In order to make the training result better, the types with too few samples are removed firstly, only 10010 people with the most images in 10575 are selected, and image cleaning is performed at the same time, so that the identity of the people in the test set is ensured not to be repeated. The data set is balanced by randomly selecting the same number of sheets in each class, and the image is subjected to horizontally-reversed data enhancement. And (4) carrying out face key point detection and face normalization on the balanced data set, and training the network after the size is unified by 112 x 96.

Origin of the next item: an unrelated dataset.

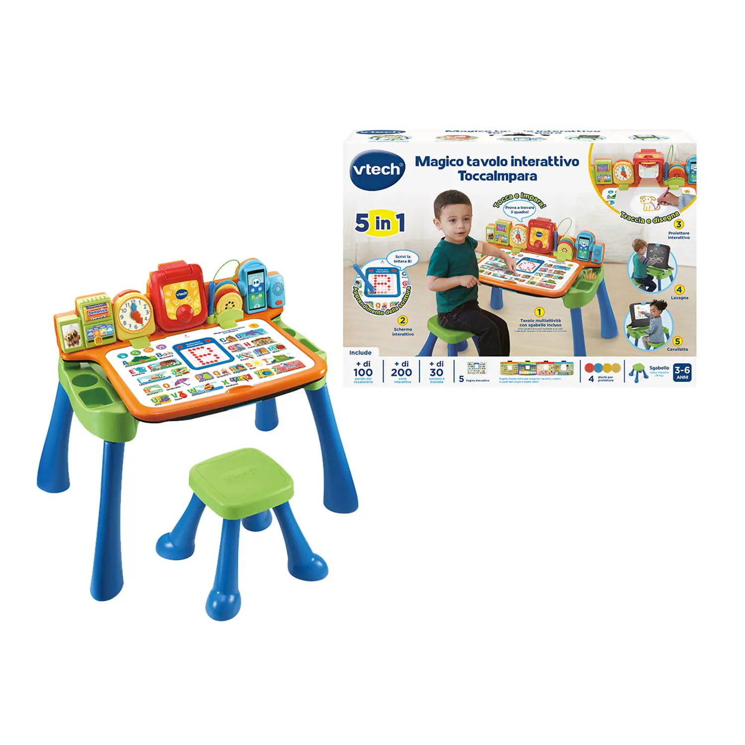 VTech Tavolina Magjike Interaktive PrekDheMëso përfshin 4 disqe për të hedhur 28 imazhe, duke ndihmuar fëmijët të mësojnë të vizatojnë dhe të eksplorojnë tema si alfabeti dhe numrat. Një përvojë mësimore interaktive dhe argëtuese që nxit kureshtjen.
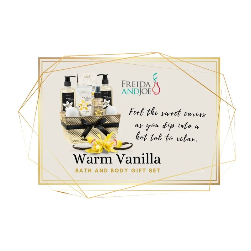 Bath, Body, and Spa Kit Christmas Gifts for Women in Warm Vanilla Aromatherapy Fragrance – 8 Piece Gift Spa Basket

(3) The feature comparison is carried out by adopting a method for calculating cosine similarity, the larger the cosine value is, the more similar the two human faces are, and the cosine formula is as follows:
Figure BDA0003339447190000111
if vectorization is performed on both sides b and c, the cosine values for calculating two vector angles can be written as:
Figure BDA0003339447190000112
and a feature extraction stage, namely extracting depth feature vectors from the test image through a trained network, and splicing and representing feature graphs of the original graph and a horizontal turnover graph of the original graph into representation of a modified graph.
As shown in fig. 6, the feature extraction of the remote face recognition module 5 provided by the present invention mainly includes the following steps:
obtaining a plurality of local areas according to the segmented face images;
comparing one pixel point in each region with a pixel point in a neighborhood, if the gray value of the pixel point in the neighborhood is larger than that of the central pixel point, marking the position of the pixel point in the neighborhood as 1, and otherwise marking as 0, thereby obtaining the LBP value of the central pixel point;
calculating histograms of all neighborhoods, namely calculating the frequency of each number, and then normalizing the histograms;
and connecting the calculated histograms of each neighborhood into a feature vector, wherein the feature vector is a vector for describing LBP texture features of the whole image.
Describing and matching the human face: the LBP texture feature vector obtained by feature extraction can represent a face image, and an SVM classifier in Open CV can be used for classification, so that the purpose of face recognition is achieved.
Although embodiments of the present invention have been shown and described, it will be appreciated by those skilled in the art that changes, modifications, substitutions and alterations can be made in these embodiments without departing from the principles and spirit of the invention, the scope of which is defined in the appended claims and their equivalents.

Claims (10)

1. An artificial intelligence recognition device based on big data, characterized in that, the artificial intelligence recognition device based on big data includes:
the three-dimensional laser scanning module acquires face information data through the micro-dimensional scanner, wherein the face information data usually comprises redundant information of hair and shoulders which are irrelevant to face recognition besides a face; in order to reduce the operation amount and improve the recognition rate, the three-dimensional face point cloud is preprocessed at the same time; the pretreatment comprises the following steps: face cutting and posture correction;
the three-dimensional image preprocessing module is used for analyzing the two aspects of extracting the characteristics of the visual two-dimensional multimedia target image and generating the change characteristics of the three-dimensional multimedia visual target image to extract the characteristics of the three-dimensional multimedia visual target image; constructing a sparse representation algorithm-based model, limiting the minimum value of a target function by utilizing gradient projection, optimizing the gradient direction to obtain a sparsely represented identification visual image, and realizing artificial intelligent identification of the three-dimensional multimedia visual image;
the face model training module is used for providing the algorithm in OpenCV2.4.9 based on the OpenCV technology, only the faces in the database are classified according to different people and then read in respectively, and an OpenCV internal function is called to obtain a trained model;
the interactive recognition module is used for inputting face information data and recognizing the face information data;
the remote face recognition module is used for transmitting data to the host computer through a wireless channel by using the NI USRP equipment; the host receives the data of the slave from the connected NI USRP, performs data processing and face recognition in a LabVIEW development environment, and finally feeds back the recognized identity information to the slave.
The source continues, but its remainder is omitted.